** Opening EXERCISE DATA block **
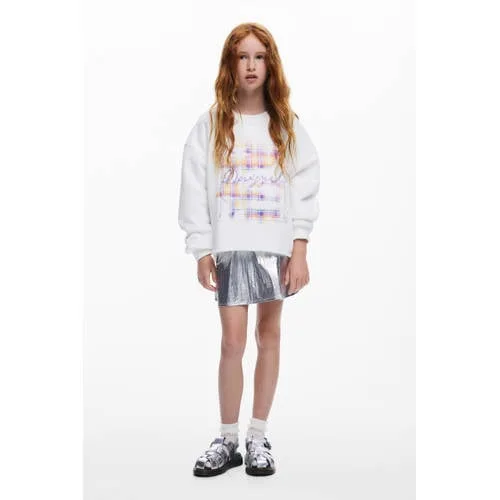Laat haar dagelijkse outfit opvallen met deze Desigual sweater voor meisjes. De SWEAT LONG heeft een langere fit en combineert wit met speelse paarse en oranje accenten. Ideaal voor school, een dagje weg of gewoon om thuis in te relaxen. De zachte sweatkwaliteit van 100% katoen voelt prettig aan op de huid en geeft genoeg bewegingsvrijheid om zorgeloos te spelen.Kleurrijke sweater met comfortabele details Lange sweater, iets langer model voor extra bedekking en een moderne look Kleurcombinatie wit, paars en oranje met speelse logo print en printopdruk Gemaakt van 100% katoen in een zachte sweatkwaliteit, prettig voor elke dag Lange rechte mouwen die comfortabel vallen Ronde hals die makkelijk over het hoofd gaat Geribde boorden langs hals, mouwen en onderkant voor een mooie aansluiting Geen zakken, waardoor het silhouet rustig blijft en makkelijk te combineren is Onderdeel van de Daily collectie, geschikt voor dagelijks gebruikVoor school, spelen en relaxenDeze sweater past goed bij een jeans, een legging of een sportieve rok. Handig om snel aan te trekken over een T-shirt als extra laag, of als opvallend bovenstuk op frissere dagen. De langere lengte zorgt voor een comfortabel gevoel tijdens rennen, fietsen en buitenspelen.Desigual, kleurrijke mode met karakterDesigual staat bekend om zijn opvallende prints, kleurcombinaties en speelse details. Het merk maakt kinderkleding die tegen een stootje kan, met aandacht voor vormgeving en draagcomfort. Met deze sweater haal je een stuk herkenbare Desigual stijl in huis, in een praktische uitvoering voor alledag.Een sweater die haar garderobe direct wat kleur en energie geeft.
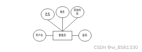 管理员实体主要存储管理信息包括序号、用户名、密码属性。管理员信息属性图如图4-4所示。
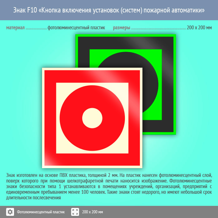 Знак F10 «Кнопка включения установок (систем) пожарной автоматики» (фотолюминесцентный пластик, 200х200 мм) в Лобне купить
** Closing EXERCISE DATA block **
** Opening EXERCISE DATA block **
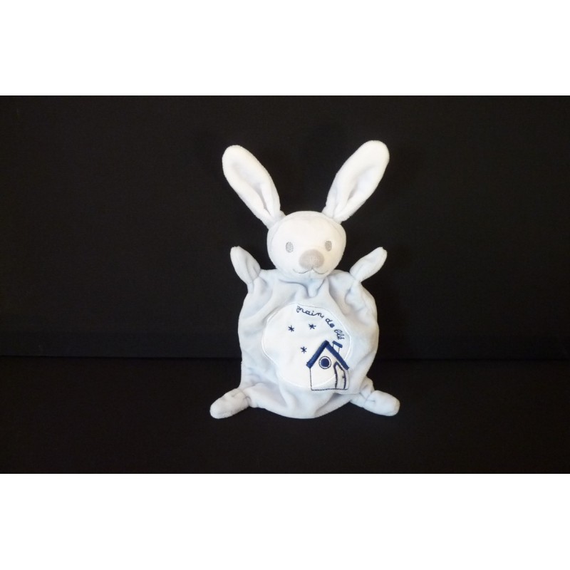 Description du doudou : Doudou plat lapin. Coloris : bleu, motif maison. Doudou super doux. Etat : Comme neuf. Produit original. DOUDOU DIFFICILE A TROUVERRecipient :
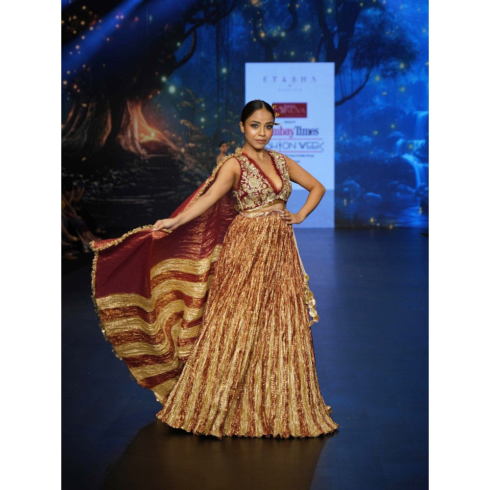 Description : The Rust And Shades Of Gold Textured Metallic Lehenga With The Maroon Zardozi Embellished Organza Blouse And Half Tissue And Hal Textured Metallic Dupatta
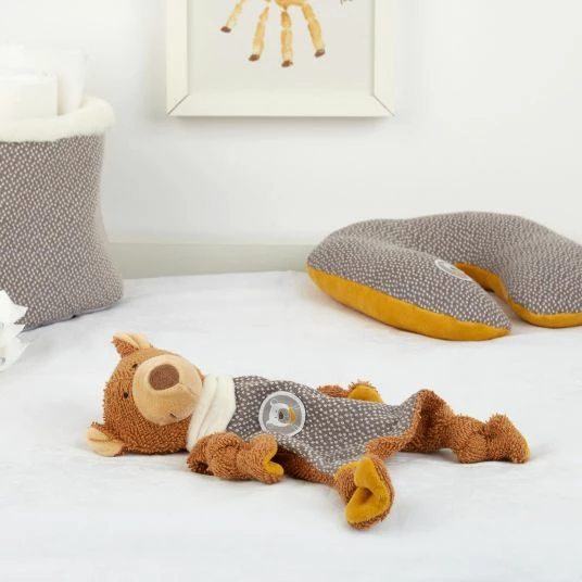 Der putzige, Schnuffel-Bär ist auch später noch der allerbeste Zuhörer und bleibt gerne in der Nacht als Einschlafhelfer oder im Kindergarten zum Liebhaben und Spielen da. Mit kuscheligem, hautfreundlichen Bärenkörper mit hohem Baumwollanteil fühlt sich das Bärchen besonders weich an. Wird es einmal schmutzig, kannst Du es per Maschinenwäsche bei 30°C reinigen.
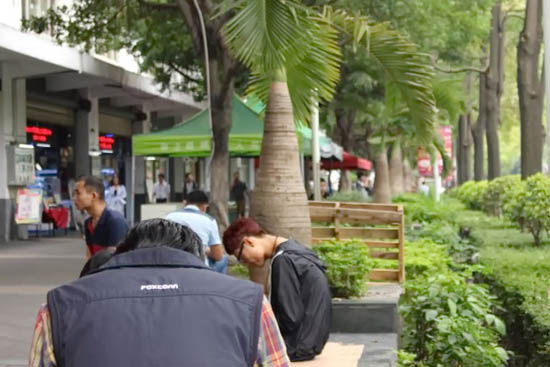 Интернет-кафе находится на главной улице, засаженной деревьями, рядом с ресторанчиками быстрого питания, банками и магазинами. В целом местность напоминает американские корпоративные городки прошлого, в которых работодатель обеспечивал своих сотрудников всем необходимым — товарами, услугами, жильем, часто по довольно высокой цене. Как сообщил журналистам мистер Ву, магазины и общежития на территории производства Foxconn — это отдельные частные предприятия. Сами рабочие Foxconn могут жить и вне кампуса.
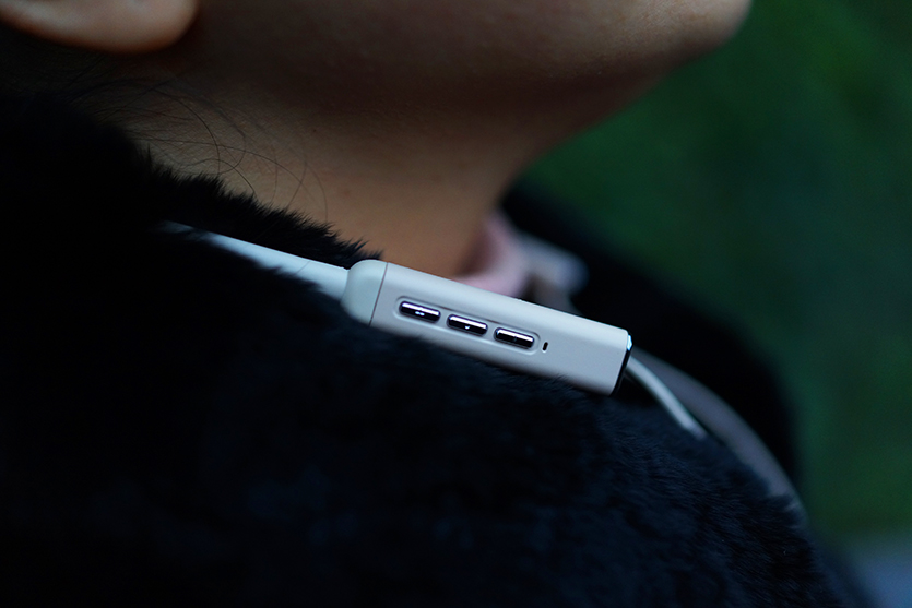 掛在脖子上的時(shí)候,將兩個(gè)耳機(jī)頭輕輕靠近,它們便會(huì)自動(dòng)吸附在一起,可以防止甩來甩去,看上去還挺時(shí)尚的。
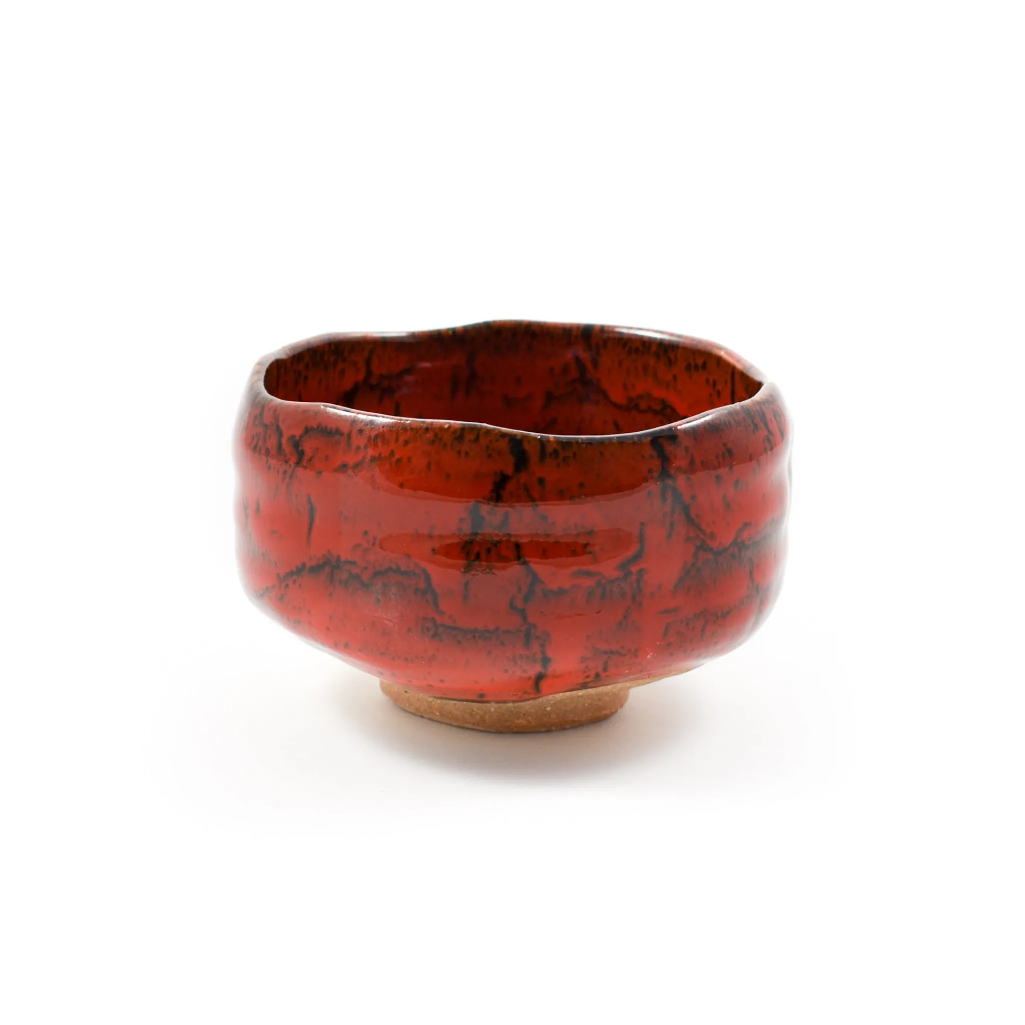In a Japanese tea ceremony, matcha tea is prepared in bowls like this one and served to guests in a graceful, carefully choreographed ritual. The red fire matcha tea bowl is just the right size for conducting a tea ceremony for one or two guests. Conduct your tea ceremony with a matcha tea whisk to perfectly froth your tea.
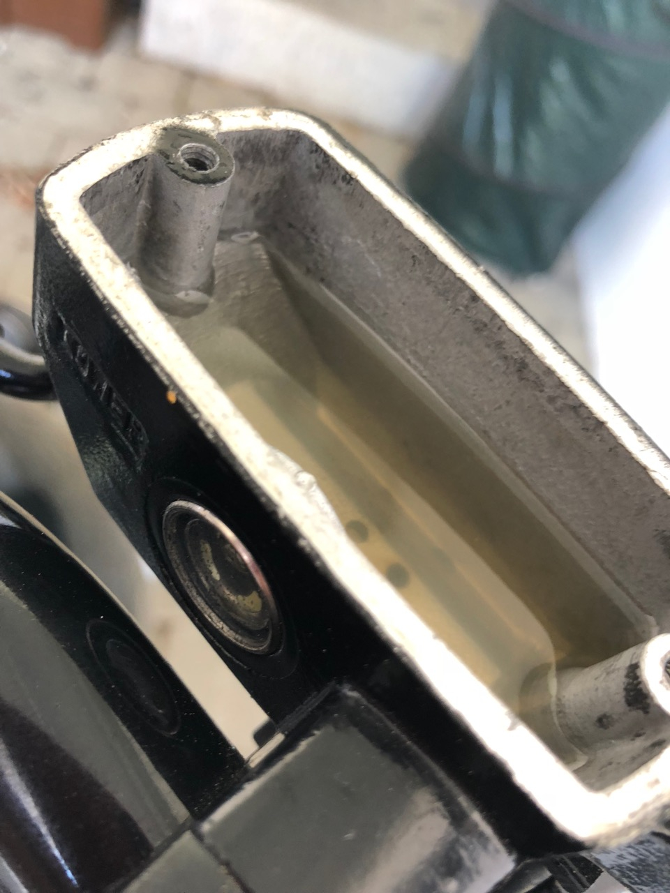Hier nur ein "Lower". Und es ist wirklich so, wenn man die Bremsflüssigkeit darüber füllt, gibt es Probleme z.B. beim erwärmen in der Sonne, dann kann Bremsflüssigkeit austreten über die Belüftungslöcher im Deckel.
** Closing EXERCISE DATA block **
■ TASK BRIEF
Beginning at the line above that contains "Der putzige, Schnuffel-Bär", repeat each line exactly through the one that contains "Hier nur ein", and leave out the pictures.

■ THE ANSWER
 Der putzige, Schnuffel-Bär ist auch später noch der allerbeste Zuhörer und bleibt gerne in der Nacht als Einschlafhelfer oder im Kindergarten zum Liebhaben und Spielen da. Mit kuscheligem, hautfreundlichen Bärenkörper mit hohem Baumwollanteil fühlt sich das Bärchen besonders weich an. Wird es einmal schmutzig, kannst Du es per Maschinenwäsche bei 30°C reinigen.
 Интернет-кафе находится на главной улице, засаженной деревьями, рядом с ресторанчиками быстрого питания, банками и магазинами. В целом местность напоминает американские корпоративные городки прошлого, в которых работодатель обеспечивал своих сотрудников всем необходимым — товарами, услугами, жильем, часто по довольно высокой цене. Как сообщил журналистам мистер Ву, магазины и общежития на территории производства Foxconn — это отдельные частные предприятия. Сами рабочие Foxconn могут жить и вне кампуса.
 掛在脖子上的時(shí)候,將兩個(gè)耳機(jī)頭輕輕靠近,它們便會(huì)自動(dòng)吸附在一起,可以防止甩來甩去,看上去還挺時(shí)尚的。
In a Japanese tea ceremony, matcha tea is prepared in bowls like this one and served to guests in a graceful, carefully choreographed ritual. The red fire matcha tea bowl is just the right size for conducting a tea ceremony for one or two guests. Conduct your tea ceremony with a matcha tea whisk to perfectly froth your tea.
Hier nur ein "Lower". Und es ist wirklich so, wenn man die Bremsflüssigkeit darüber füllt, gibt es Probleme z.B. beim erwärmen in der Sonne, dann kann Bremsflüssigkeit austreten über die Belüftungslöcher im Deckel.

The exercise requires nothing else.